Can a connected metric space with at least two points be countable?

[SiddharthM]

I was doing a Rudin problem and wanted to know if there was a cleaner way of going about this - maybe a direct one.

So the question asks to prove that every connected metric space with at least two points is uncountable. The hint given in Rudin uses the thm below

Fix p in X, delta greater than zero, define A to be the delta neighborhood of p and B to be all x in X s.t. d(p,x)>delta. Then A and B are separated.

The show that a connected metric space with at least 2 points cannot be countable I show that the function f: X-->[0,infinity), with f(x)=d(p,x)

cannot be onto under the assumption that X is countable.* Hence there is a positive delta I can apply the above theorem (if the range of X under f is bounded then use supf(X)=alpha and apply the same idea to the function f:X-->[0,alpha)..that is show that the function cannot be onto) to show X is disconnected to give a contradiction.

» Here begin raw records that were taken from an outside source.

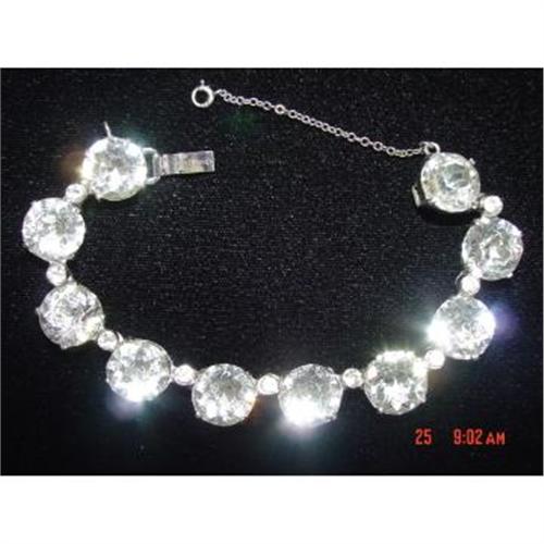 Here is a Art Deco Signed Sterling Crystal glass linked bracelet. I've never seen anything quite like this before, it is so heavy, this is very unusual, and attractive. This could even be pre 1910?? There is a safety chain to hold this heavy bracelet in place. There are 10 individual links with large crystal faceted glass beads, there are spacers with clear rhinestones in between the crystal glass links. Excellent condition
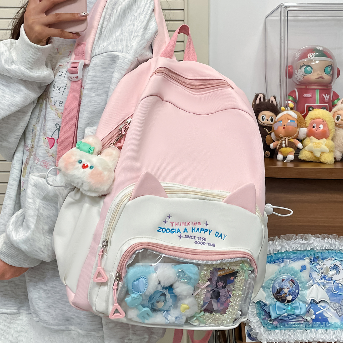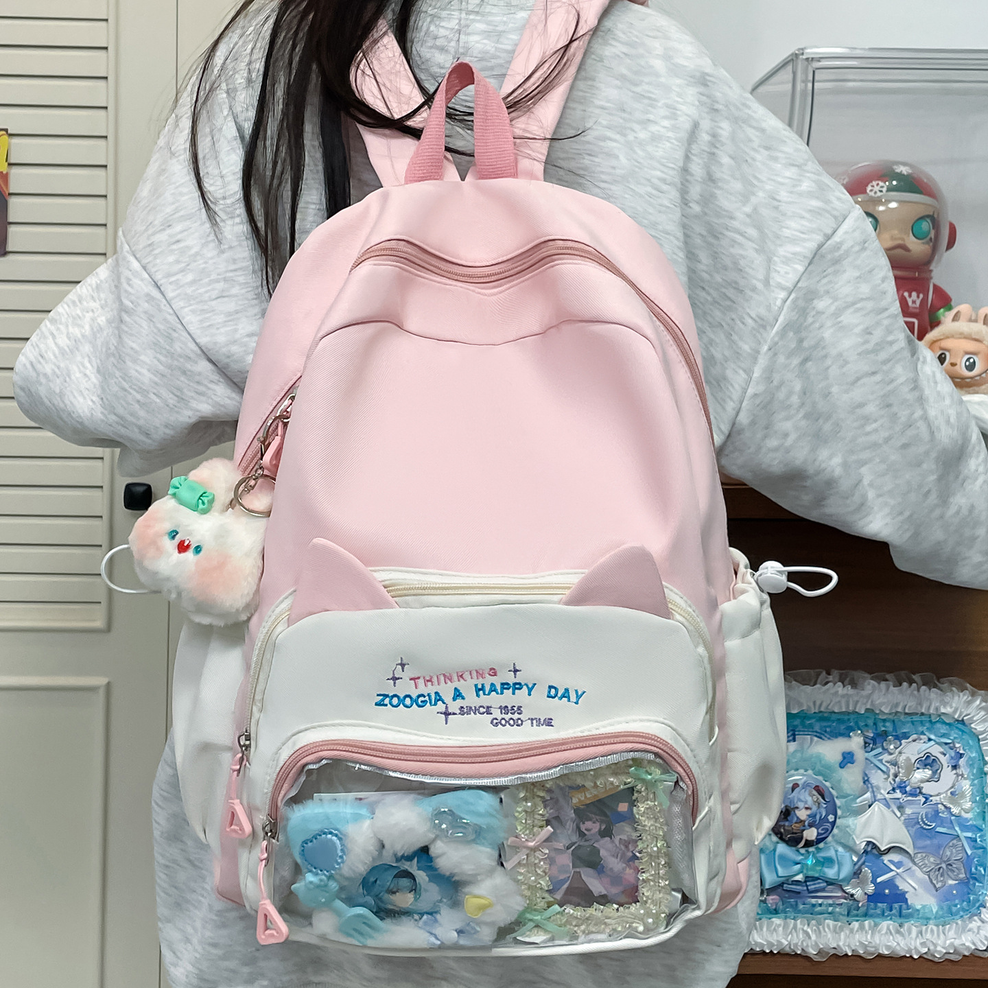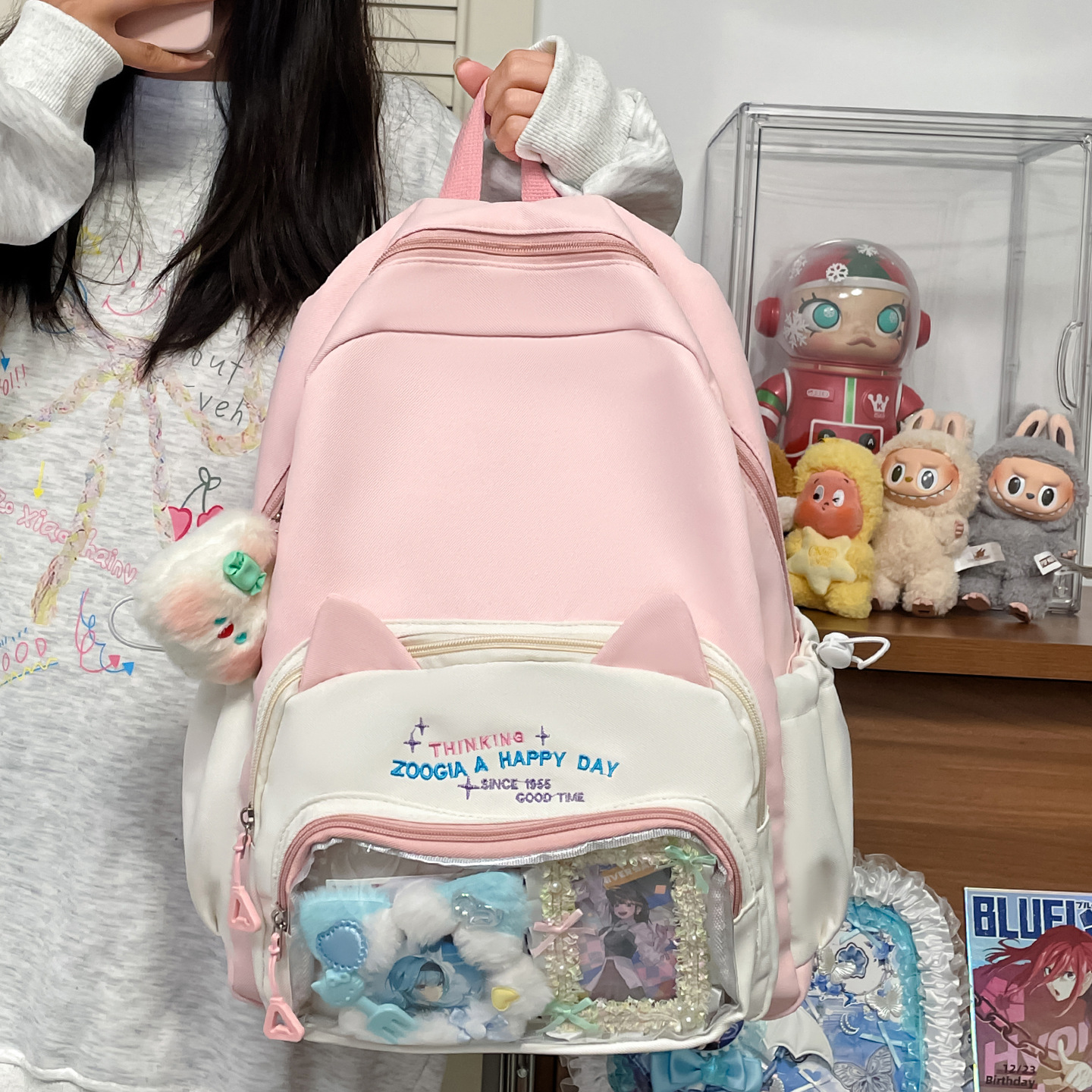 跨境ins风书包初中女生双肩包高中生大容量可爱痛包多巴胺背包女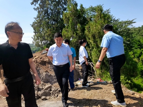 2022年6月,軹城鎮(zhèn)鎮(zhèn)長陳濤同志到背坡村查看群眾住房安全,構(gòu)筑大壩和填溝造田工作。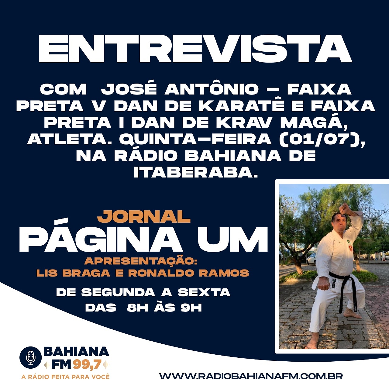 ENTREVISTA COM O SENSEI JOSÉ ANTÔNIO Por Askadoi - 27 de junho de 2021 0 374 Dia 01/07 às 8:00 horas na Rádio Bahiana FM. Um bate papo sobre o Karatê, o KRAV MAGÁ e KAPAP, sistema de defesa pessoal e combate corpo a corpo israelense.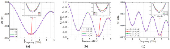 The S21 parameters of the connectors with different roughness obtained by an equivalent circuit model: (a) one connector; (b) two connectors with the same roughness cascade; and (c) three connectors with the same roughness cascade.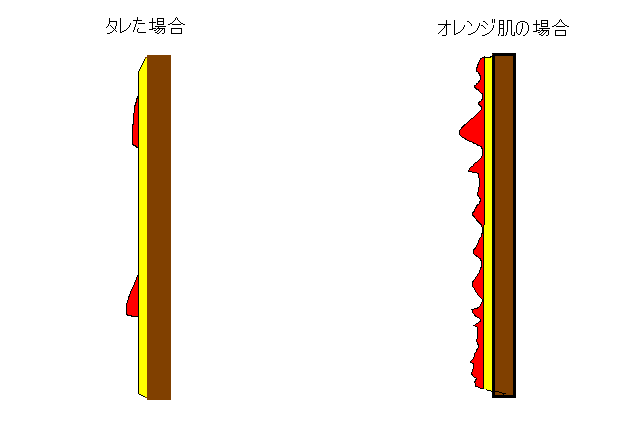 この画像で説明すると、茶色が塗装の対象となる物体・黄色は塗装面を綺麗に見せるためのライン(うまく表現出来なくて、申し訳ない。塗装をミスっても、黄色のラインまで削ったら綺麗になるよ。という意味です)・赤色が塗装のミスにより削り取らないといけない部分になります。タレの場合でしたら、赤色の部分だけを削りとればOKです。しかしオレンジ肌の場合でしたら、ほぼ全面を削り取らないと、塗装面を綺麗にすることは出来ません。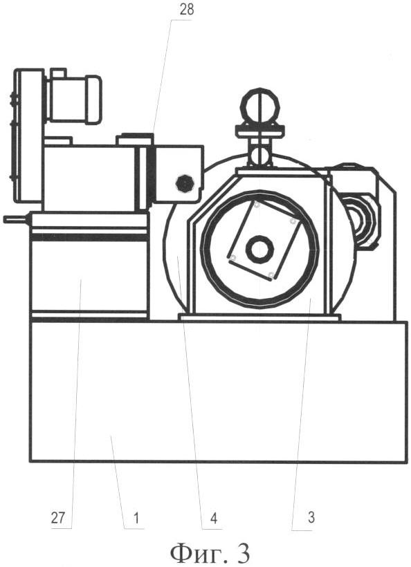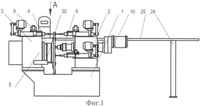 На основании 1, в позиции загрузки, дополнительно смонтированы: с одной торцевой стороны барабана устройство 24 подачи прутка 25 вдоль оси вращения 5 барабана 4, с другой стороны – упор 26 для ограничения осевого перемещения прутка 25 во время загрузки, а на дополнительной стойке 27 – фрезерная головка 28 для отрезки прутка 25. На позициях обработки на стойках 2 и 3 смонтированы упоры 29 для коррекции расположения торцов обрабатываемых деталей 7 при базировании на разных позициях обработки, а также на позиции выгрузки смонтирован выталкиватель 30 обработанных деталей 7.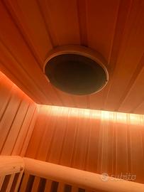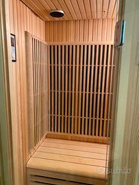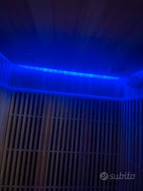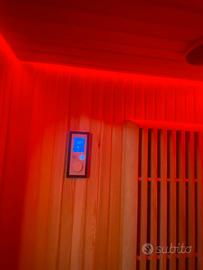 Peso kg 160 con display digitale, illuminazione con lampada interna, Cromoterapia a led, Radio FM, connessione bluetooth, riscaldamento con 6 pannelli radianti a base di fibra di carbonio infrarossi da 300W ciascuno e un pannello riscaldante inferiore in vetro da 150W con un consumo totale di Kw 1,95, alimentazione 220V.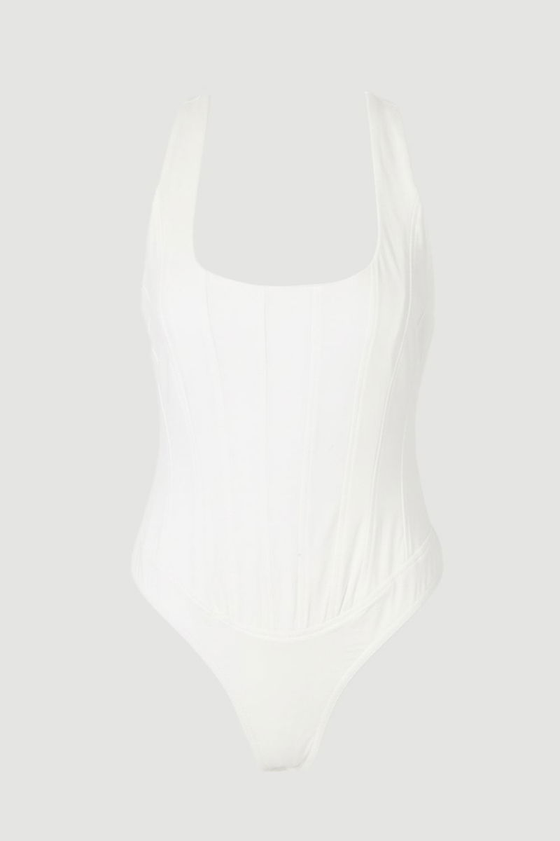 Cotton Elastane Corset Detail Scoop Neck Bodysuit

* The argument here is assume that it is onto, then for each x in the nonnegative reals inversef(x) we get a nonempty subset of X. If x and y are distinct nonnegative reals then it's easy to see that inversef(x) and inversef(y) are disjoint sets. Then inversef([0,infinity) ) is an uncountable union of nonempty disjoint sets and is therefore uncountable and a subset of X which yields a contradiction. Hence there is a delta in [0,infinity) s.t. inversef(delta) is empty.

It's a bit lumpy with all the proof-by-contradictions. Btw, I'm ommitting the inductive proof that shows X cannot be finite.

 

[fresh_42]

The way you ruled out the finite case should work with the countable infinite case as well.

If we had path connection, then we could transport the connectedness of an interval by a continuity argument onto $X$. But path connection is stronger than connection. E.g.
$$
X=\{\,(0,y)\,|\,-1\leq y\leq 1\,\}\cup \{\,(x,\sin \frac{1}{x})\,\,|\,x\in \mathbb{R}-\{\,0\,\}\}
$$
is connected but not path connected.